◆ ASSIGNMENT: Give the data again exactly, without its images.

______________________________

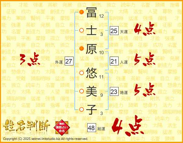 冨士原悠美子さんの天運は25画の4点!
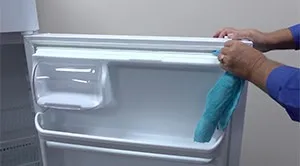 Cleaning the track ensures that the new gasket fits easily in the track and seals the door properly.
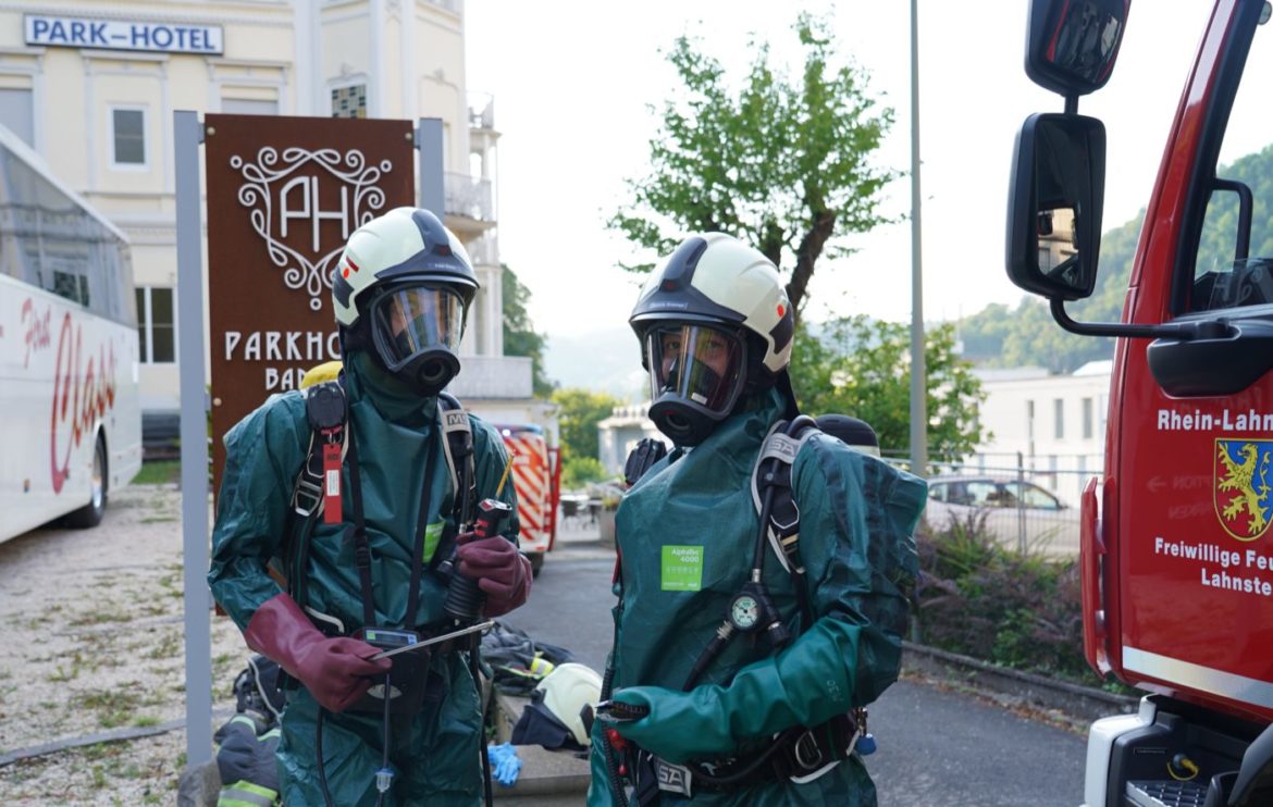 Bad Ems | 30. Juni 2022 | (ww). Gestern abend rund um 19 Uhr heulten die Sirenen gleich mehrafch in und um dieKurstadt Bad Ems. Ab 18:46 Uhr rückte ein Großaufgebot der Feuerwehren des Rhein-Lahn-Kreises sowie weiterhin Kräfte des Rettungsdienstes und der Polizei aus, nachdem im Parkhotel in Bad Ems ein unklarer Chemikalien-Austritt und starker Ammoniak-Geruch gemeldet wurde.
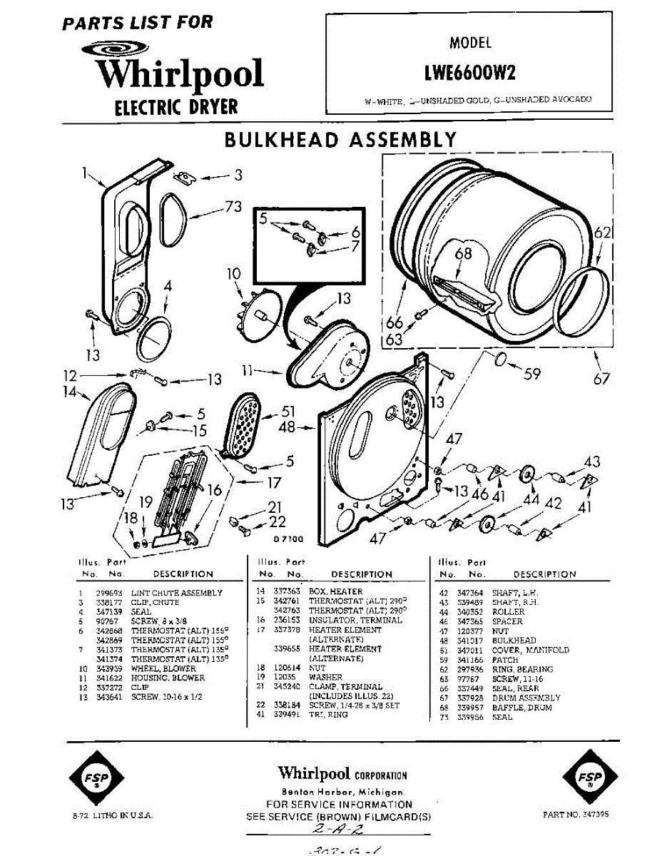 Parts for Whirlpool LWE6600W2: 01 - Section Parts
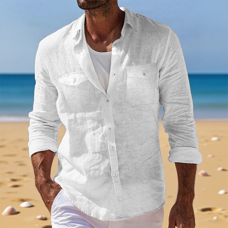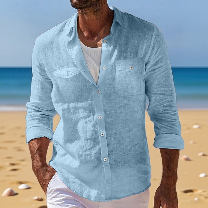 This Men's Shirt Linen Shirt Summer Shirt Beach Wear Button Up Shirt Cargo Shirt Solid Color Vacation Holiday White Blue Green Khaki Long Sleeve Lapel Summer Clothing Apparel Pocket combines elegant design with practical functionality. Every detail has been carefully considered to ensure you get the foremost possible experience. The top-grade construction means this product will serve you well for years to come.
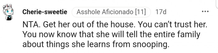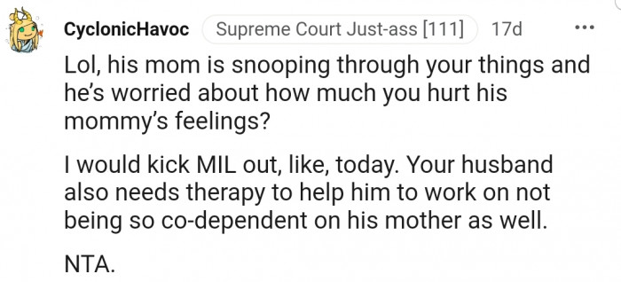 OP has the full support of the Reddit community. The commenters stated that OP’s mother-in-law was wrong for snooping around her items and that her husband should be more supportive.
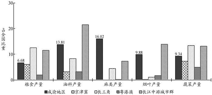 图 2 2022年成渝优势工业品产出情况与主要城市群对比 |

______________________________

◆ OUTPUT:
 冨士原悠美子さんの天運は25画の4点!
 Cleaning the track ensures that the new gasket fits easily in the track and seals the door properly.
 Bad Ems | 30. Juni 2022 | (ww). Gestern abend rund um 19 Uhr heulten die Sirenen gleich mehrafch in und um dieKurstadt Bad Ems. Ab 18:46 Uhr rückte ein Großaufgebot der Feuerwehren des Rhein-Lahn-Kreises sowie weiterhin Kräfte des Rettungsdienstes und der Polizei aus, nachdem im Parkhotel in Bad Ems ein unklarer Chemikalien-Austritt und starker Ammoniak-Geruch gemeldet wurde.
 Parts for Whirlpool LWE6600W2: 01 - Section Parts
 This Men's Shirt Linen Shirt Summer Shirt Beach Wear Button Up Shirt Cargo Shirt Solid Color Vacation Holiday White Blue Green Khaki Long Sleeve Lapel Summer Clothing Apparel Pocket combines elegant design with practical functionality. Every detail has been carefully considered to ensure you get the foremost possible experience. The top-grade construction means this product will serve you well for years to come.
 OP has the full support of the Reddit community. The commenters stated that OP’s mother-in-law was wrong for snooping around her items and that her husband should be more supportive.
 图 2 2022年成渝优势工业品产出情况与主要城市群对比 |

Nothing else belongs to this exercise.